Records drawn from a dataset
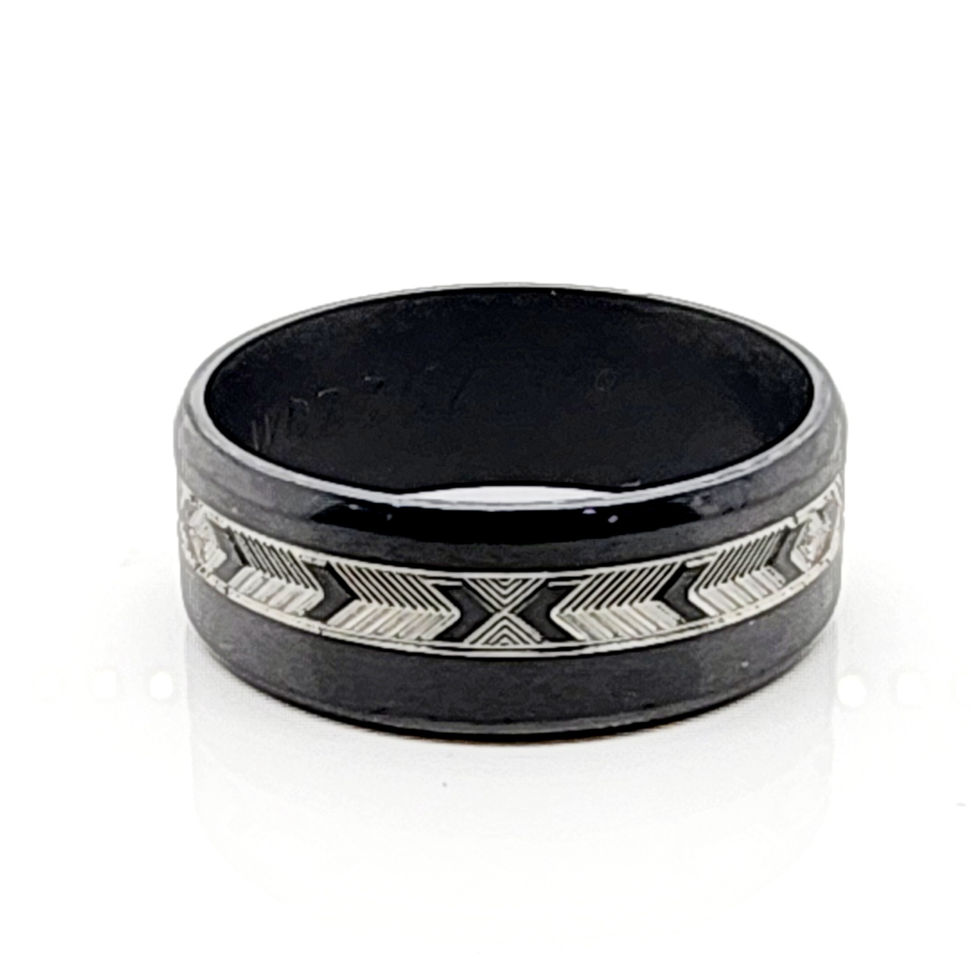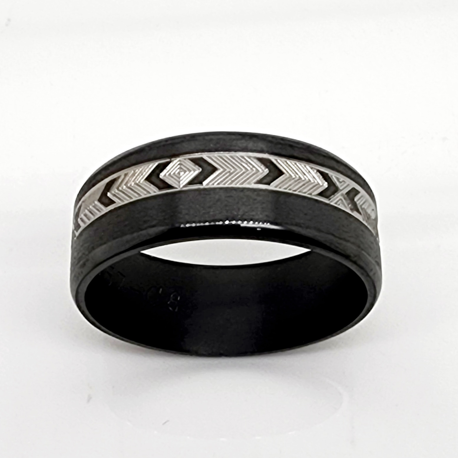 Black Zirconium Band 8mm Wide with Greek Inspired Patterns Engraved
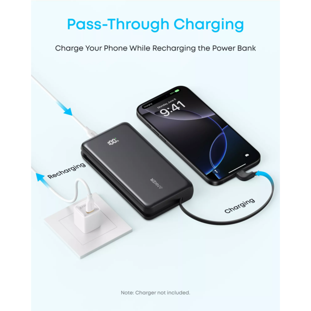 Ez az intelligens funkció lehetővé teszi, hogy egyszerre töltse fel telefonját, miközben maga a power bank is töltődik. Soha többé nem kell választania, melyik eszköz kapja meg először az energiát. Megjegyzés: a fali töltő adapter nem tartozék.
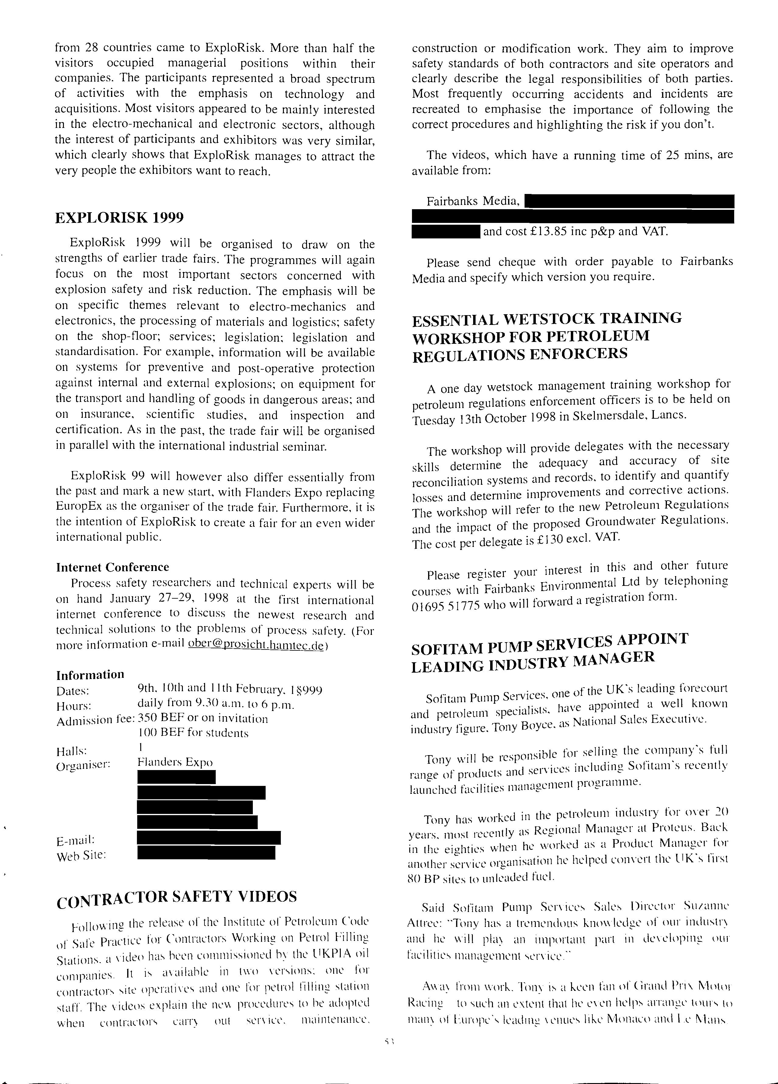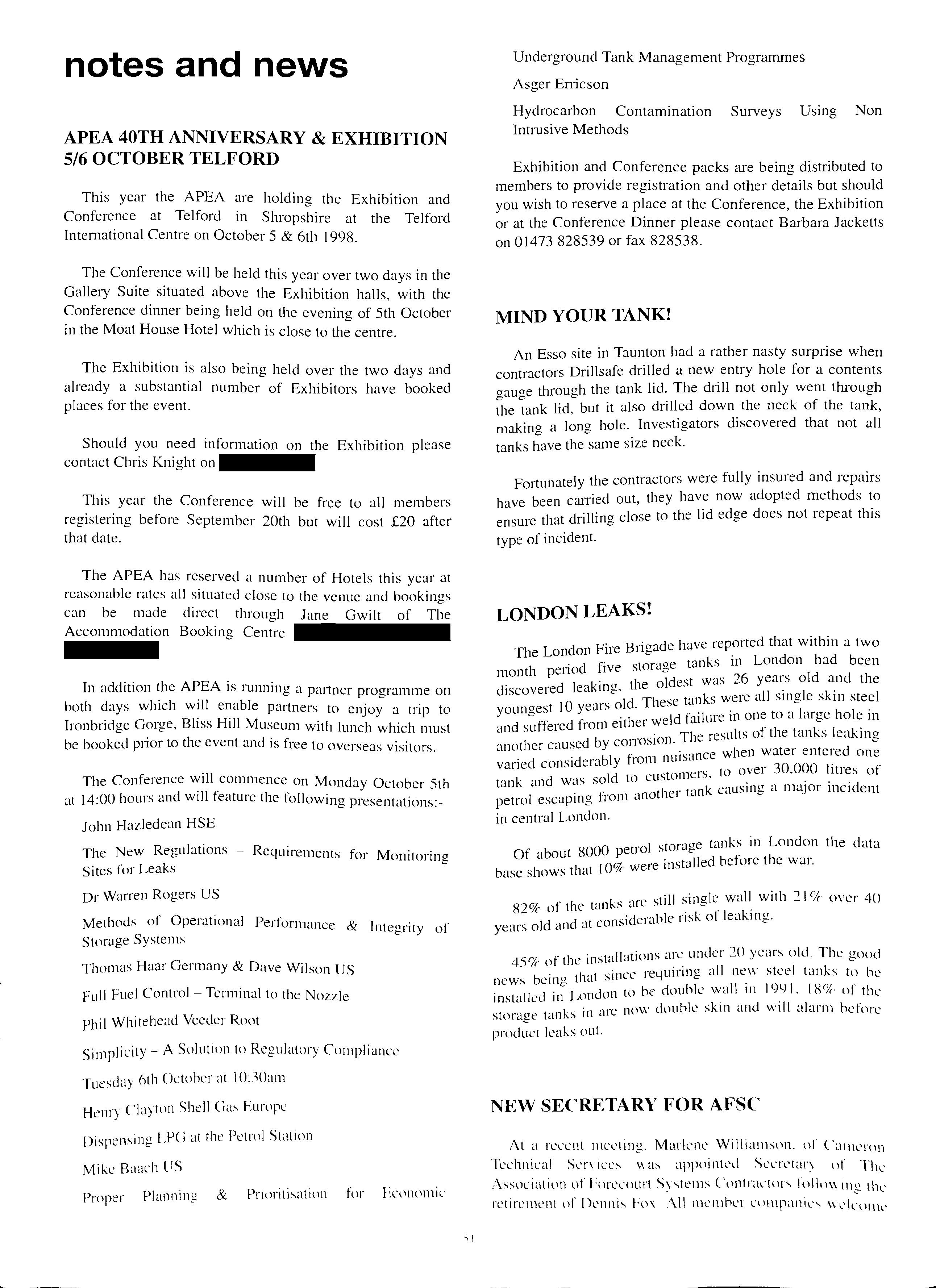 Environmental Engineering & Applied Science Extensive experience in undertaking specialist contaminated land remediation in the UK and Europe provides clients with tried and methods, applied by specialist staff , for dealing with polluted land and groundwater. • Site assessment on petroleum retail sites and industrial premises • Fully costed remedial design proposals • Execution of remedial works with minimum disruption • Confidential prompt and professional service SPECIALISTS IN CONTAMINATED LAND CONTRACTING Telluric Ltd, Meandros House, 54A Bute Street, Cardiff Bay , CF1 6AF Tel: 01222 303010 Fax: 01222 303011 • Forecourt & Commercial Pump Maintenance • Sole UK Approved Distributor of Beck Parts • Fuelling Equipment Stockists • Refurbished Equipment • New Forecourt Equipment Independent Pump Services Ltd • Pipework Installation • Tank Testing • Project Management SOFITAM Call us on (01273) 454831 Adur Boatyard, Old Shoreham Road, Shareham-by-Sea, West Sussex BN43 5TA. Tel: (01273) 454831 Fax: (01273) 464863
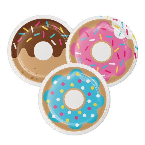 One Package of 8 Donut 7 Inch Cake/Dessert Plates. Featuring assorted plates in brown, pink and blue, these plates are perfect to use when serving appetizers, finger foods or desserts. Celebrate your donut theme party!
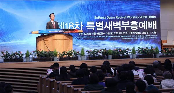 사랑의교회 특별새벽부흥예배는 2003년 오정현 목사가 부임하면서 처음 시작되어 한국교회에 특새라는 신조어를 틴생시켰습니다. 올해로 19년째 매년 봄, 가을 특별새벽부흥회로 모이는 특새는 매일 1만여 명이 넘는 성도들이 모여 함께 기도하며 부흥의 현장이 되고 있습니다. 금번 특새는 현장예배(예배실 좌석 수 20% 이내 인원이 참석)와 온라인생중계예배(SaRang On 유튜브 채널, SaRang TV)로 병행하여 드리며 감염병 예방과 안전에 최우선하여 진행합니다.
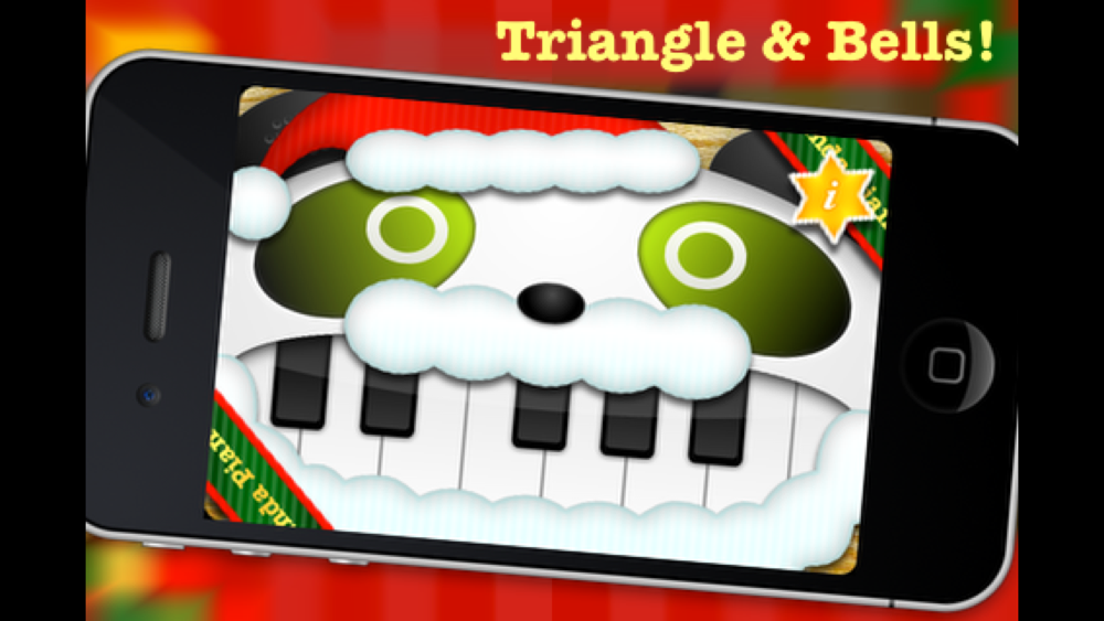 Merry Christmas from panda Santa! Eyes are triangle and bells. The nose is cymbals. Play a fun Christmas song!
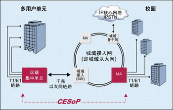對(duì)于擁有眾多用戶的樓宇或校園業(yè)務(wù),運(yùn)營(yíng)商可能需要在靠近客戶的地方裝設(shè)遠(yuǎn)端集中器。遠(yuǎn)端集中器集中提供給該樓宇內(nèi)客戶的TDM和/或分組業(yè)務(wù),使用電路仿真并通過(guò)點(diǎn)到點(diǎn)連接將業(yè)務(wù)傳回最近的城域網(wǎng)絡(luò)接入點(diǎn)。
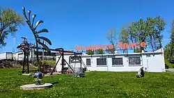 Sculpture installations have been made in spaces the building, on the grounds outside, and around the city of Utica.[5][6][7][1] In 1998, Sculpture Space purchased an adjacent abandoned house. It was intended to be used as additional studio and office space, and would eventually become artist housing, but first was host to a steel and wood installation penetrating the exterior walls of the building, as if "an alien form that had fallen into the house." Out of concern for the neighbors, the artist also planted cosmos in the front yard.[8] In 2001, to commemorate Sculpture Space's 25th anniversary, it invited five former residents to return to Utica. Their installations were set up outside City Hall, inside Union Station, and elsewhere throughout the city.[9] A 2012 performance/installation incorporated a saxophone player that a sculptor had met at a local coffeehouse.[10] Starting in 2008, Sculpture Space artists created the sculpture garden on the former Griffiss Air Force Base in nearby Rome, New York.[11][12][13]

→ Activity:
Give the lines of the entries above exactly as they appear, leaving out each picture.

→ Response:
 Black Zirconium Band 8mm Wide with Greek Inspired Patterns Engraved
 Ez az intelligens funkció lehetővé teszi, hogy egyszerre töltse fel telefonját, miközben maga a power bank is töltődik. Soha többé nem kell választania, melyik eszköz kapja meg először az energiát. Megjegyzés: a fali töltő adapter nem tartozék.
 Environmental Engineering & Applied Science Extensive experience in undertaking specialist contaminated land remediation in the UK and Europe provides clients with tried and methods, applied by specialist staff , for dealing with polluted land and groundwater. • Site assessment on petroleum retail sites and industrial premises • Fully costed remedial design proposals • Execution of remedial works with minimum disruption • Confidential prompt and professional service SPECIALISTS IN CONTAMINATED LAND CONTRACTING Telluric Ltd, Meandros House, 54A Bute Street, Cardiff Bay , CF1 6AF Tel: 01222 303010 Fax: 01222 303011 • Forecourt & Commercial Pump Maintenance • Sole UK Approved Distributor of Beck Parts • Fuelling Equipment Stockists • Refurbished Equipment • New Forecourt Equipment Independent Pump Services Ltd • Pipework Installation • Tank Testing • Project Management SOFITAM Call us on (01273) 454831 Adur Boatyard, Old Shoreham Road, Shareham-by-Sea, West Sussex BN43 5TA. Tel: (01273) 454831 Fax: (01273) 464863
 One Package of 8 Donut 7 Inch Cake/Dessert Plates. Featuring assorted plates in brown, pink and blue, these plates are perfect to use when serving appetizers, finger foods or desserts. Celebrate your donut theme party!
 사랑의교회 특별새벽부흥예배는 2003년 오정현 목사가 부임하면서 처음 시작되어 한국교회에 특새라는 신조어를 틴생시켰습니다. 올해로 19년째 매년 봄, 가을 특별새벽부흥회로 모이는 특새는 매일 1만여 명이 넘는 성도들이 모여 함께 기도하며 부흥의 현장이 되고 있습니다. 금번 특새는 현장예배(예배실 좌석 수 20% 이내 인원이 참석)와 온라인생중계예배(SaRang On 유튜브 채널, SaRang TV)로 병행하여 드리며 감염병 예방과 안전에 최우선하여 진행합니다.
 Merry Christmas from panda Santa! Eyes are triangle and bells. The nose is cymbals. Play a fun Christmas song!
對(duì)于擁有眾多用戶的樓宇或校園業(yè)務(wù),運(yùn)營(yíng)商可能需要在靠近客戶的地方裝設(shè)遠(yuǎn)端集中器。遠(yuǎn)端集中器集中提供給該樓宇內(nèi)客戶的TDM和/或分組業(yè)務(wù),使用電路仿真并通過(guò)點(diǎn)到點(diǎn)連接將業(yè)務(wù)傳回最近的城域網(wǎng)絡(luò)接入點(diǎn)。
 Sculpture installations have been made in spaces the building, on the grounds outside, and around the city of Utica.[5][6][7][1] In 1998, Sculpture Space purchased an adjacent abandoned house. It was intended to be used as additional studio and office space, and would eventually become artist housing, but first was host to a steel and wood installation penetrating the exterior walls of the building, as if "an alien form that had fallen into the house." Out of concern for the neighbors, the artist also planted cosmos in the front yard.[8] In 2001, to commemorate Sculpture Space's 25th anniversary, it invited five former residents to return to Utica. Their installations were set up outside City Hall, inside Union Station, and elsewhere throughout the city.[9] A 2012 performance/installation incorporated a saxophone player that a sculptor had met at a local coffeehouse.[10] Starting in 2008, Sculpture Space artists created the sculpture garden on the former Griffiss Air Force Base in nearby Rome, New York.[11][12][13]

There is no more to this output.